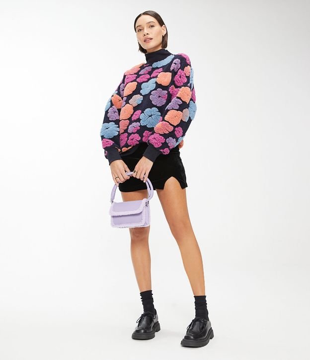 Blusão Alongado em Tricô com Flores Coloridas em Relevo
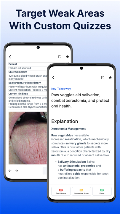 A: Whether you’re in the early stages of your NBDHE journey or you’re in the final weeks before the exam, the app adapts to your current knowledge. When you first log in, you’ll take a brief diagnostic quiz that gauges your strengths and areas for improvement. From there, Dental Hygiene Mastery tailors question sets and quizzes to your performance, so you’ll never waste time on material you’ve already mastered.
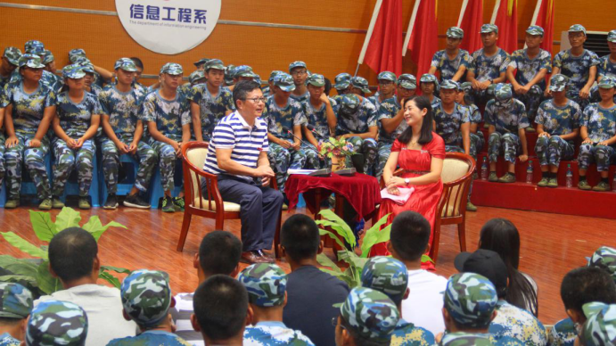 视频《期盼》播放了2017级家长的一封家书、系领导及学长对2017级新生的寄语。刘国梁同学父母写给他的这封家书,蕴含了父母对子女远行的思念与期盼,令在场所有人为之动容。在信中他们嘱咐孩子一定要谨记“成才先成人”,在大学中能多交朋友,多与老师沟通,学好本领,做一个对社会有用的人。系主任刘长万副教授在视频中对2017级新生的到来表示欢迎,希望他们能在信息工程系快乐学习、快乐生活。
◇ ◇ ◇ ◇
■ **WORK REQUEST**: Transcribe only the lines between the line containing "A: Whether you’re" and the final line of the listing, inclusive, exactly as they appear; no pictures are to be included.

■ **TASK RESPONSE**:
 A: Whether you’re in the early stages of your NBDHE journey or you’re in the final weeks before the exam, the app adapts to your current knowledge. When you first log in, you’ll take a brief diagnostic quiz that gauges your strengths and areas for improvement. From there, Dental Hygiene Mastery tailors question sets and quizzes to your performance, so you’ll never waste time on material you’ve already mastered.
 视频《期盼》播放了2017级家长的一封家书、系领导及学长对2017级新生的寄语。刘国梁同学父母写给他的这封家书,蕴含了父母对子女远行的思念与期盼,令在场所有人为之动容。在信中他们嘱咐孩子一定要谨记“成才先成人”,在大学中能多交朋友,多与老师沟通,学好本领,做一个对社会有用的人。系主任刘长万副教授在视频中对2017级新生的到来表示欢迎,希望他们能在信息工程系快乐学习、快乐生活。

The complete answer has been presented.